Según cifras de la consultora Colliers, entre 2016 y 2024 la recaudación por este concepto aumentó un 65,8% en términos reales, alcanzando los 1,3 billones de pesos. Este incremento responde, principalmente, a los efectos de los reavalúos fiscales periódicos y al alza sostenida del valor del suelo urbano, más que a mejoras reales en los servicios municipales o a aumentos equivalentes en la capacidad contributiva de las familias.
La principal falencia del sistema radica en su total desconexión con la capacidad real de pago del contribuyente. El impuesto no considera los ingresos, la situación económica ni la composición familiar de los propietarios. Se calcula exclusivamente sobre el avalúo fiscal del inmueble, definido por el Servicio de Impuestos Internos (SII) bajo criterios que no son públicos, auditables ni fácilmente comprensibles. En un contexto de valorización inmobiliaria acelerada, esto ha llevado a que muchas familias enfrenten una carga tributaria desproporcionada, solo por haber permanecido en sus hogares.
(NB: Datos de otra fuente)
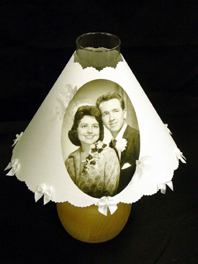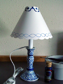 Lamp with painted/pierced mug shade
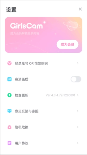 5、随后,在设置界面,大家能够在此选择并点击“成为会员”选项,从而获取更多由GirlsCam国际版提供的专属服务与功能。
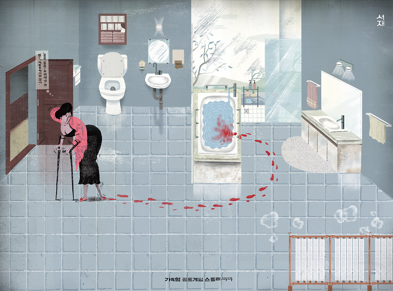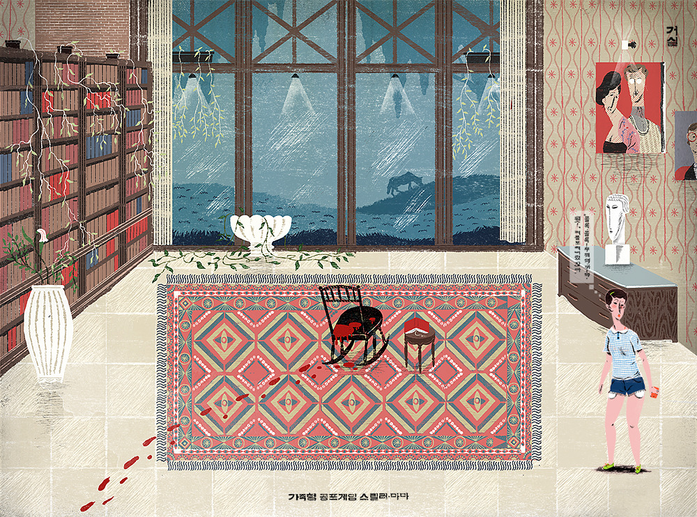 김도윤 작가님의 아트는 판화 스타일이다. 2D적인 느낌을 극대화해서 납작한 것은 둘째 치더라도, 원근이 과장되게 왜곡되어 있다. 예를 들어 거실의 전체 모양은 원근법이 적용되어 있는데, 바닥에 깔린 러그는 아닌 것처럼.
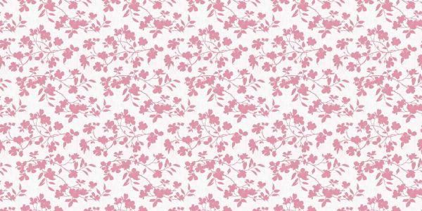 Herhalend wzór ozdobnych gałązek kwiatowych w starych różowych sylwetkach na jasnym tle przypominającym tkaninę. Całość wygląda delikatnie, romantycznie i ponadczasowo.
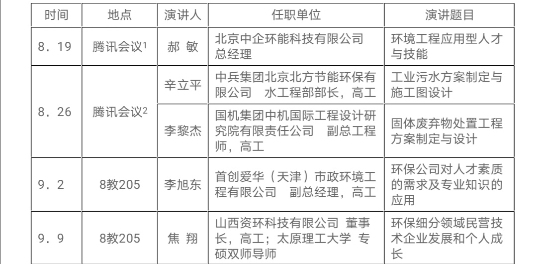 为强化工科应用型人才实践技能的培养,促进人才供给侧(学校)与人才需求侧(企业)的有效沟通,构建“教学与实践相结合”的人才培养模式,城建学院环境工程系将举办《企业家进课堂》系列讲座。此次系列讲座将聘请著名央企、国企或民企的企业家给环境工程系学生介绍环境相关职业及对人才素质的需求、企业发展对学生专业技能的需求、学生在职场发展的要求等;同时企业家们将分享他们的职业生涯经历和人生经验,以期帮助学生们尽早走出迷茫,树立目标并进行合理的学业与职业规划,利用在校的黄金时期掌握走向社会所必需的技能。

El diseño actual, además, carece de mecanismos de contención. No existe un techo que limite el crecimiento del cobro entre reavalúos, ni un resguardo institucional que garantice cierta proporcionalidad con la evolución de los ingresos familiares o de la economía. El resultado es un tributo que puede escalar sin freno, tanto por razones externas al contribuyente como por decisiones administrativas poco transparentes.
A esto se suma un problema institucional relevante: la concentración de funciones en el SII, que valora, administra, fiscaliza y recauda. Esto erosiona la confianza pública y distorsiona los incentivos del sistema tributario, al convertir al evaluador en beneficiario directo de sus propias estimaciones.
Por otra parte, presentar las contribuciones como un “aporte” al financiamiento local es, en ese contexto, una fórmula retórica que encubre una estructura fiscal regresiva. El financiamiento municipal puede, como en muchos países, tener otra fuente de ingreso. Esto último especialmente teniendo en cuenta, que la afectación de los tributos (que estos no estén destinados a un objetivo específico) es algo no querido en nuestro regimen constitucional (art. 19 nº20).
El debate sobre las contribuciones no puede reducirse a una discusión técnica o recaudatoria. Es, en esencia, una cuestión de justicia tributaria. Mientras persista el diseño actual, el impuesto territorial seguirá siendo percibido —y con razón— como una exacción injusta: no basada en lo que las personas ganan, sino en lo que simplemente poseen.